显然,很久以前就有人决定尝试将以下函数添加到官方scikit的树导出函数中(基本上只支持export_graphviz)

def export_dict(tree, feature_names=None, max_depth=None) :
    """Export a decision tree in dict format.

以下是他的全部承诺:

https://github.com/scikit-learn/scikit-learn/blob/79bdc8f711d0af225ed6be9fdb708cea9f98a910/sklearn/tree/export.py

不太确定这条评论发生了什么。
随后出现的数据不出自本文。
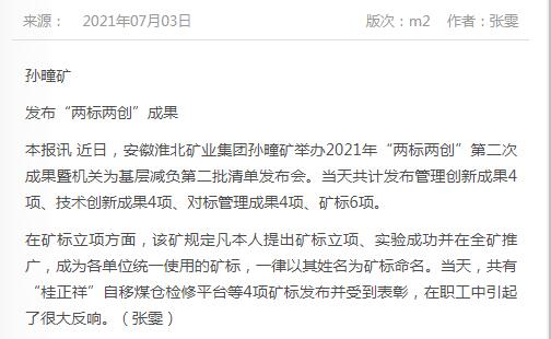 《中国煤炭报》:淮北矿业集团孙疃矿发布“两标两创”成果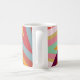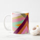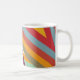 This mug has a 1970s retro design is made from layered upside-down Vs layered in three places all in retro colours.

但是你也可以尝试使用这个函数。

我认为这为scikit-learn的优秀人员提供了一个严肃的文档需求,以正确地记录sklearn.tree.Tree API,这是一个底层的树结构,DecisionTreeClassifier将其作为属性tree_公开。

这是您需要的代码

我已经修改了顶部喜欢的代码缩进在一个jupyter笔记本python 3正确

import numpy as np
from sklearn.tree import _tree

def tree_to_code(tree, feature_names):
    tree_ = tree.tree_
    feature_name = [feature_names[i] 
                    if i != _tree.TREE_UNDEFINED else "undefined!" 
                    for i in tree_.feature]
    print("def tree({}):".format(", ".join(feature_names)))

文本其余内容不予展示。